### Directions
From the first line to the last, retype the records exactly without their images.

### Material provided
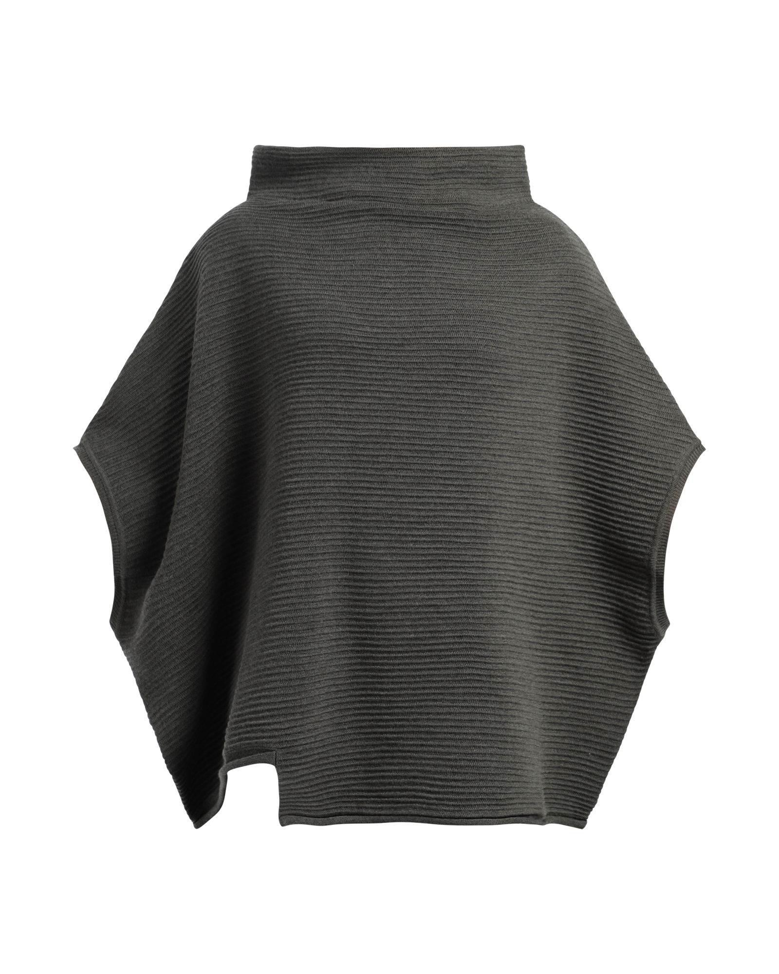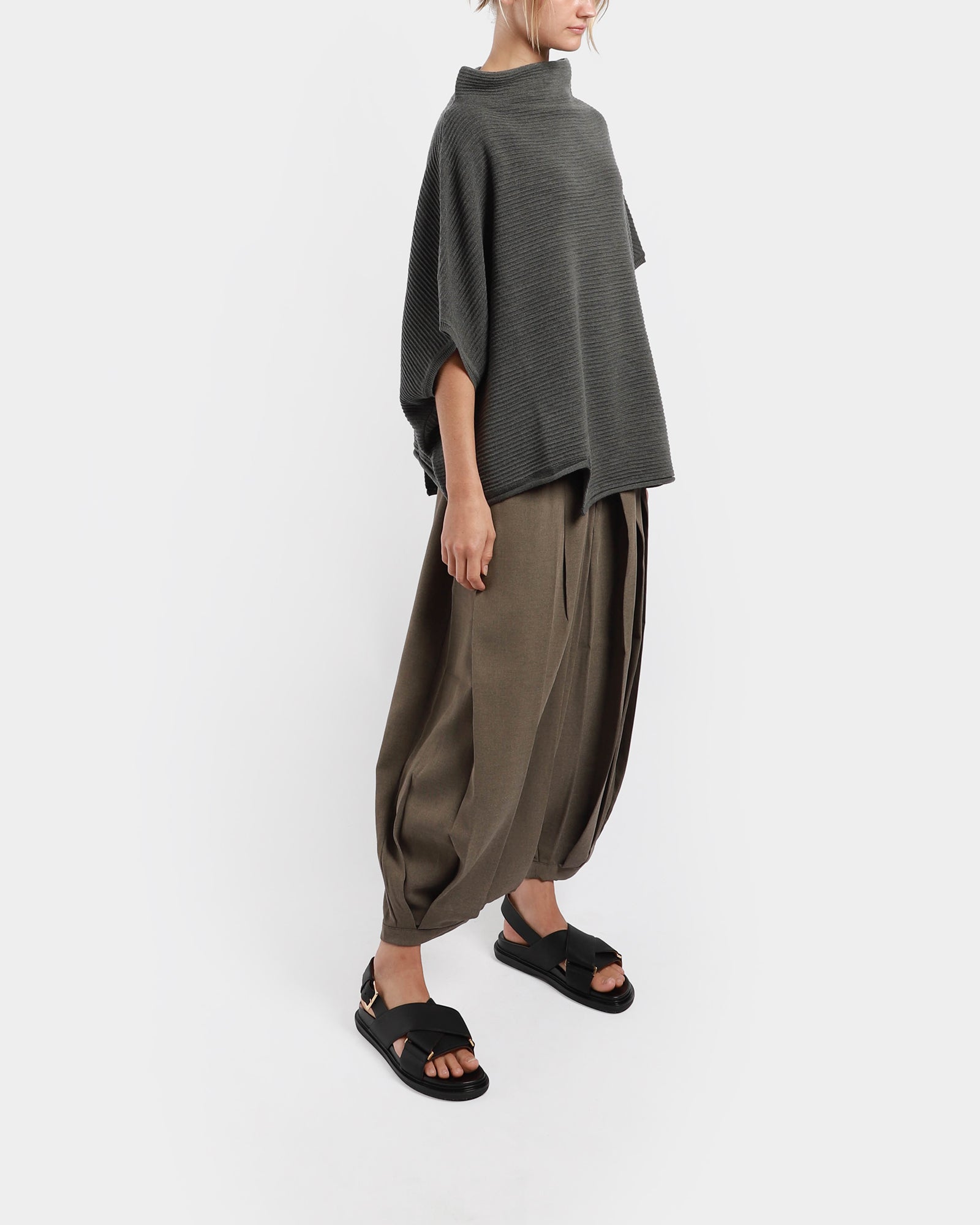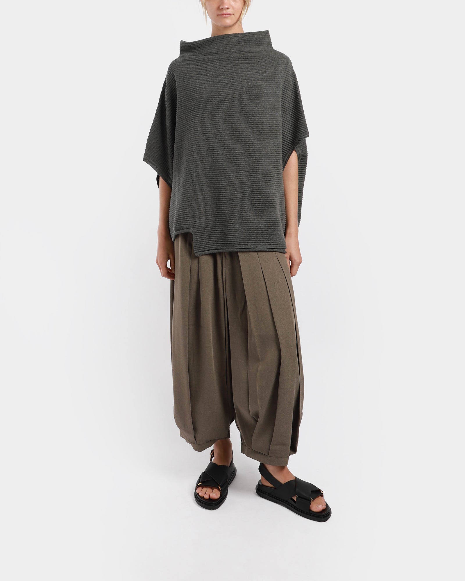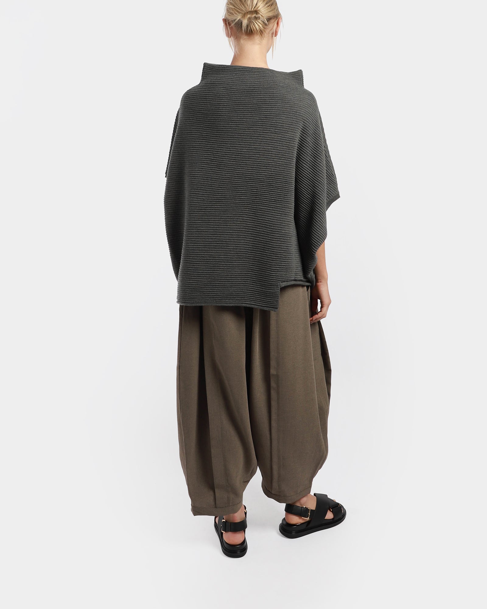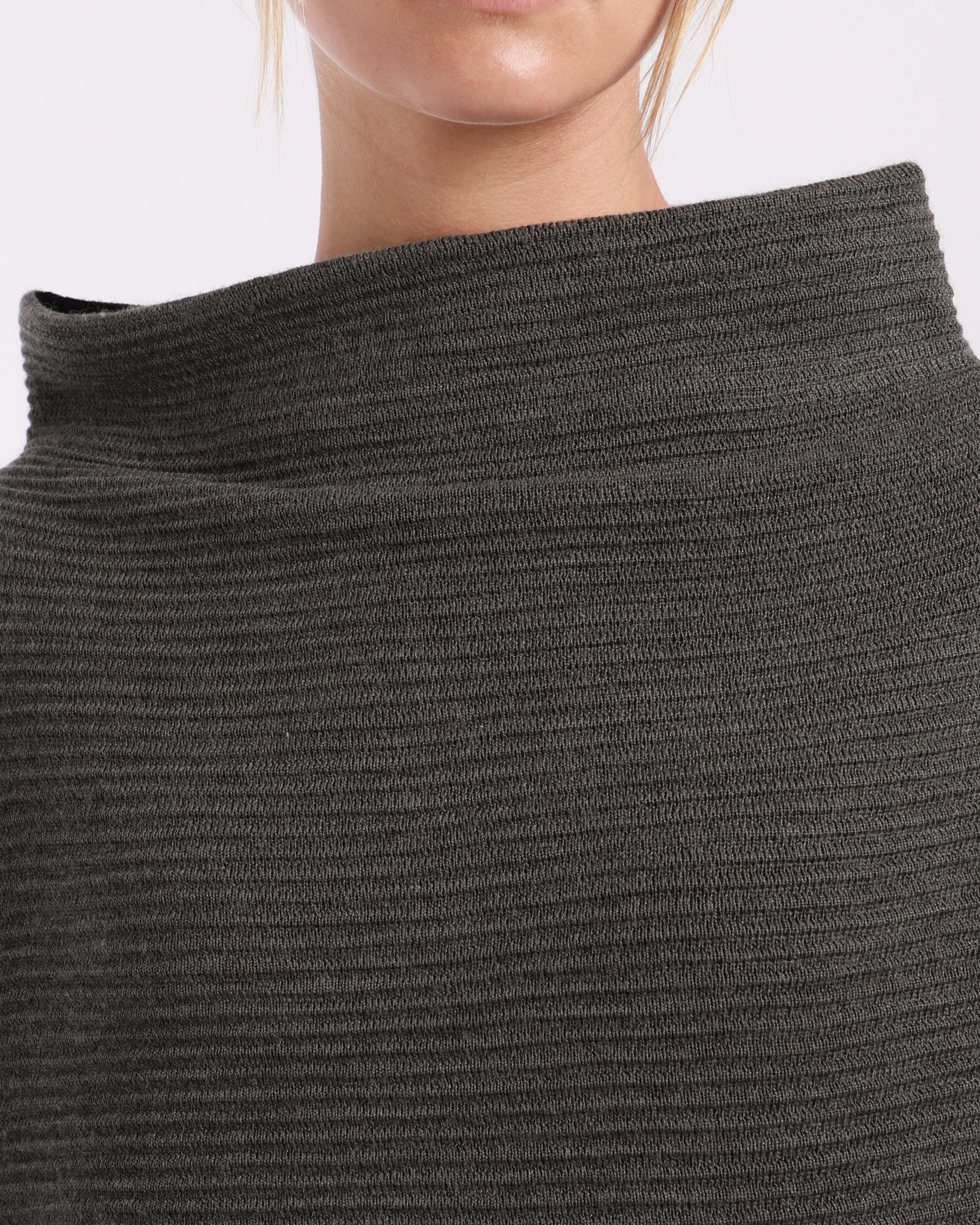 A ribbed knit top with a wide turtle neck and dropped 3/4 sleeves. The Moyuru top has asymmetric and straight cut rolled hem that gives a vintage look.
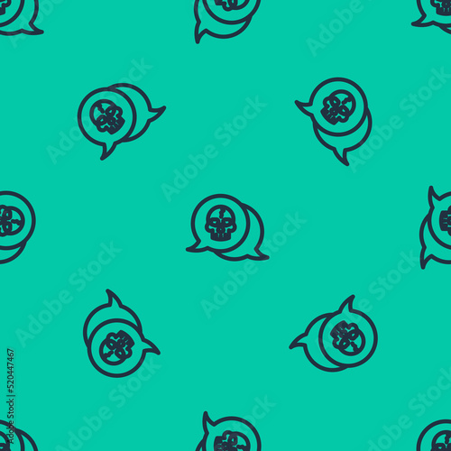 Blue line Skull icon isolated seamless pattern on green background. Pirate captain. Happy Halloween party. Vector
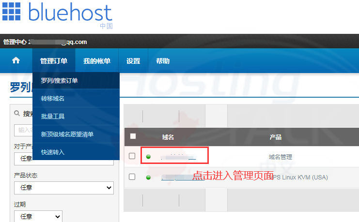 >>>登录主机商后台,点击罗列搜索订单,点击注册域名进入管理页面
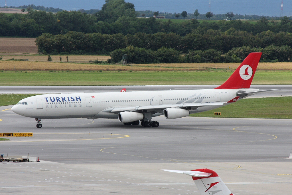 Kommentar/ Remark | Nette Überraschung - TK A340 als 'Turkish 6' nach Istanbul-Atatürk auf dem Weg zur Startbahn 34. Nice surprise - TK A340 taxiing to runway 34 for departure as 'Turkish 6' to Istanbul-Atatürk. |
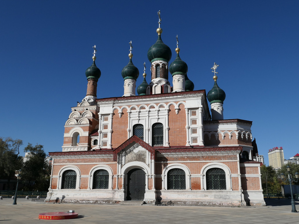 ↗圣·阿列克谢耶夫教堂(Saint Alekseyev Church),位于士课街与革新街交叉路口,建于1931年。原为随军东正教堂,1907年日俄战争后随俄军调防,从公主岭迁来哈尔滨东香坊一带俄国人聚居的阿列克谢耶夫卡村。1980年经修复后改为天主教堂。现为黑龙江省天主教爱国会、哈尔滨市天主教爱国会所在地。

### Final answer
 A ribbed knit top with a wide turtle neck and dropped 3/4 sleeves. The Moyuru top has asymmetric and straight cut rolled hem that gives a vintage look.
 Blue line Skull icon isolated seamless pattern on green background. Pirate captain. Happy Halloween party. Vector
 >>>登录主机商后台,点击罗列搜索订单,点击注册域名进入管理页面
 Kommentar/ Remark | Nette Überraschung - TK A340 als 'Turkish 6' nach Istanbul-Atatürk auf dem Weg zur Startbahn 34. Nice surprise - TK A340 taxiing to runway 34 for departure as 'Turkish 6' to Istanbul-Atatürk. |
 ↗圣·阿列克谢耶夫教堂(Saint Alekseyev Church),位于士课街与革新街交叉路口,建于1931年。原为随军东正教堂,1907年日俄战争后随俄军调防,从公主岭迁来哈尔滨东香坊一带俄国人聚居的阿列克谢耶夫卡村。1980年经修复后改为天主教堂。现为黑龙江省天主教爱国会、哈尔滨市天主教爱国会所在地。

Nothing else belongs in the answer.